No nic,zobaczymy,co przyniesie kolejny sezon.
Nie lubię Ty'a, bo jest chamski, zazdrosny i wszystko mu się należy. Z Emmetem Bay tworzyła najlepszą parę póki jej nie zdradził, co jest dla mnie niewybaczalne. Ale jak mam wybierać to wolę Emmeta, bo pasują do siebie idealnie.
Ja mam podobne przemyślenia jak wszyscy.
Cieszę się, że Bay-Ty się skończyło, bo zdecydowanie wolę Bemmet, ale tak na marginesie to trochę głupio, że zaraz pobiegła do Emmeta, taka sytuacja, Bay nie ma komu się wygadać do leci do zakochanego Emmeta, co jest trochę nie fair. Ale cieszę się, bo to znaczy, że już niedługo wrócą do siebie (I hope so), dobrze, że nie zrobili tak, że Bay się z Emmetem prześpi w finale, bo to już by było przegięcie.

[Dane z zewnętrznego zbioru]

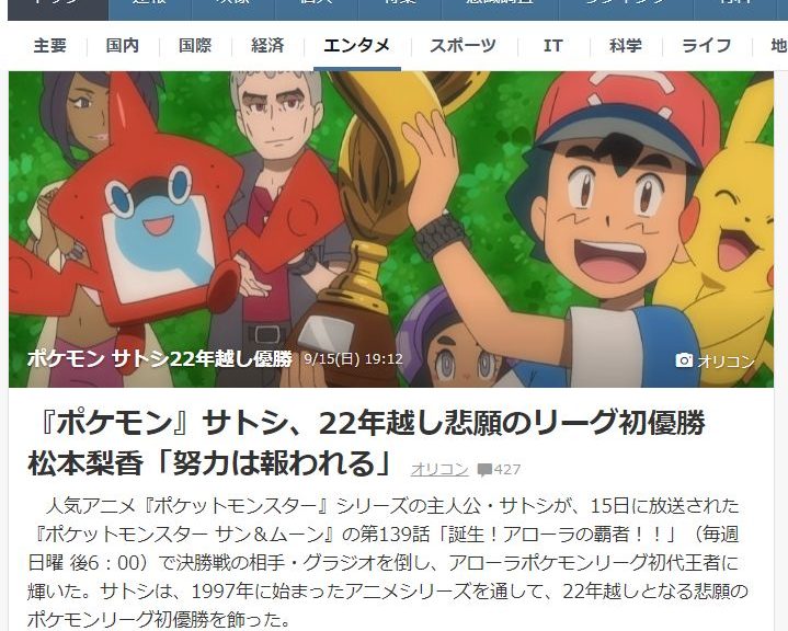 Berita tentang Ash menjadi juara telah menjadi begitu heboh sehingga menjadi berita tren nomor 8 di Yahoo Jepang, yang telah mengejutkan semua orang. Berita lainnya yang sedang tren di atas Ash memenangkan liga tidak ada hubungannya dengan anime atau video game dan merupakan berita dunia nyata yang cukup serius pula.

Angelo zachowuje się jak rozpieszczony dzieciak, najpierw czegoś chce, rujnuje życie Victora i Leo, bo jego córka. A jak się okazuje, że dziecko to nie zabawka, którą można wyłączyć jak trzeba iść do pracy albo się wyspać, to Angelo ma dosyć. Ale cieszę się, bo wg mnie Abby powinna być właśnie z Leo i Victorem, widać, że oni naprawdę zaangażowani są, a nie to co pożal się boże tatuś biologiczny.
Daphne... Nasuwa mi się: idiotka. Daje się ponieść chwili, nie myśląc o jakichkolwiek konsekwencjach, a potem płacz, bo ma problemy. Cóż jak się bierzesz za szantaże, to najpierw myśl.

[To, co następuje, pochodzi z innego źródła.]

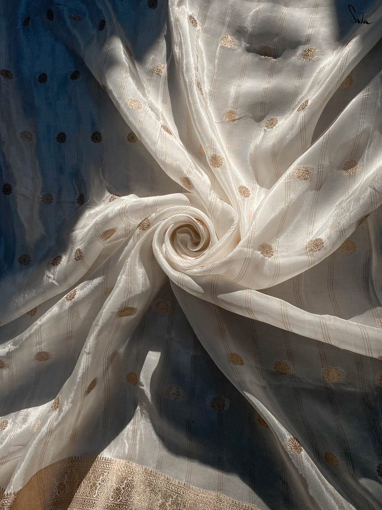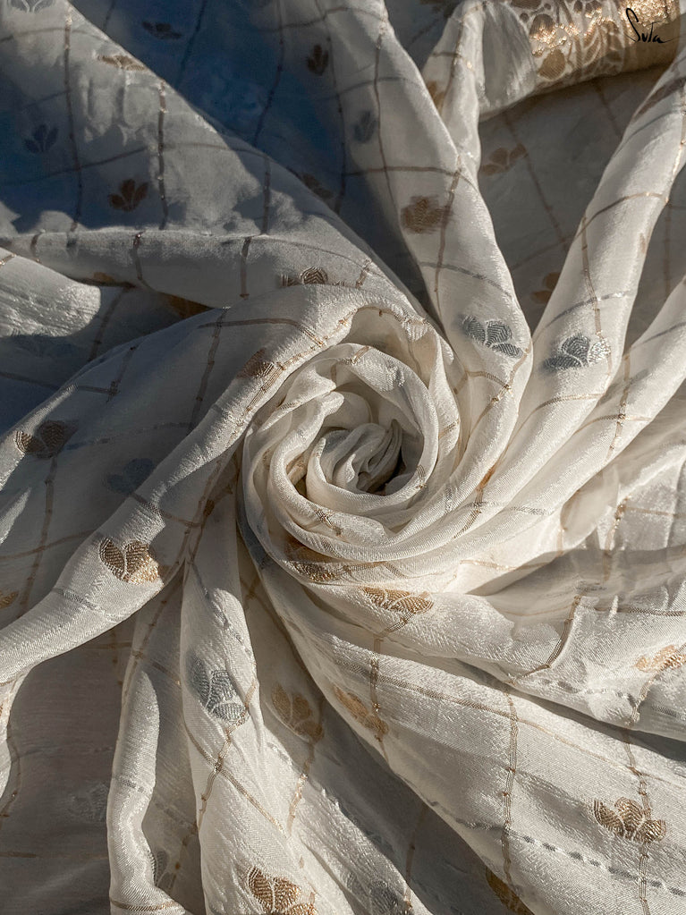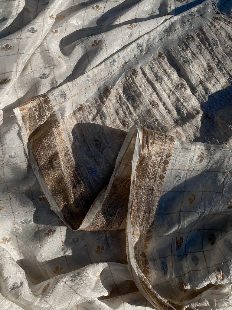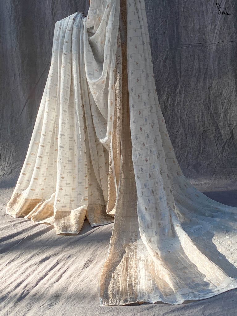 Dharani, a soulful saree made from delicate mul cotton, features a white and gold color scheme with a plain gold border that adds a touch of luxury. Adjustable loops, a small pocket, and matching lining ensure a perfect drape, making it ideal for any occasion in under 30 seconds.

A Toby i Nikki mogliby poczekać co prawda, ale to taki pozytywny moment, wychodzą z urzędu, bez całej tej otoczki, po prostu widać, że miłość jest i nie potrzeba pierdół wokół. (Choć idea ślubu jest mi raczej daleka)
Ciekawa sprawa...Bay się dowiedziała o zdradzie Ty'a, a pierwsze co poleciala z awantura do Emmetta :) myślę, że wkrótce wrócą do siebie. Mam przynajmniej taka nadzieje, bo już mam szczerze dosyć Ty/Bay. Pomysl Ty' a idiotyczny, a MaryBath pewnie się wkrótce wygada. Odcinek mi się podobał. Jakoś nigdy nie palalam sympatią do Nikki, ale ostatnimi odcinkami mnie bardzo do siebie przekonała i cieszę się nawet ostatecznie, że doszło do tego ślubu (chociaż fanem ślubów, jeszcze w tak młodym wieku nie jestem) i mam nadzieje, że im się uda, a nie zaserwują nam rozwodu w kolejnym sezonie. Przemowa Emmetta świetna, duży plus. Jedyne co mi się nie podoba to rozwój wątku Angelo. Tyle walczy o dziecko a tak łatwo się poddał. Regina niby chce być z Angelo, ale dziecka wychowywać nie chce, trochę tego nie rozumiem, albo chce z nim być albo nie. Nic by jej się nie stało gdyby trochę mu pomogła i jakoś dalby rade, no ale cóż. Daphne na reszcie zrobiła coś właściwego.